Norway's energy minister will meet with companies on Wednesday to discuss the potential construction of offshore floating wind farms, he told Reuters on Friday.
The meeting is the first concrete step to spur development of offshore floating power generation, after the government said last December it would seek to accommodate such plans.
"Wednesday next week I will have a meeting with different stakeholders in offshore wind and discuss both the opening process and the regulatory framework," Terje Soeviknes said.
Unlike offshore wind turbines that are fixed to the seabed, floating wind parks are seen as potentially more feasible for use in deeper waters.
The minister didn't name any firms, but Norway's Equinor, which recently changed its name from Statoil to increase its focus in renewable energy, has said it will take part in the country's first such tender if there are subsidies.
The company said in May it expected about 13 gigawatt (GW) of floating offshore wind to be installed globally by 2030 and aimed to take "a fair share" of that.

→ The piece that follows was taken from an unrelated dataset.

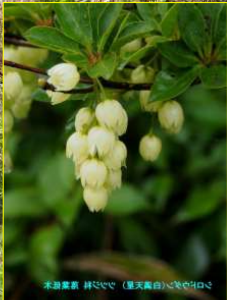
木鈴草 鈴草 (星天白) 花の白

Equinor is also the owner of the world's first floating offshore wind farm project, a 30 megawatt farm called Hywind off the coast of Scotland, and is already maturing a project in Norway to combine floating wind with oil platforms.
Norway's energy minister expected to conclude the discussions within a few months.
"By autumn I hope we will have a proposal. Perhaps we need to go through the parliament with this," he said.
Norway is western Europe's top producer of oil and natural gas, and has so far lagged Nordic neighbours Denmark and Sweden in wind power developments.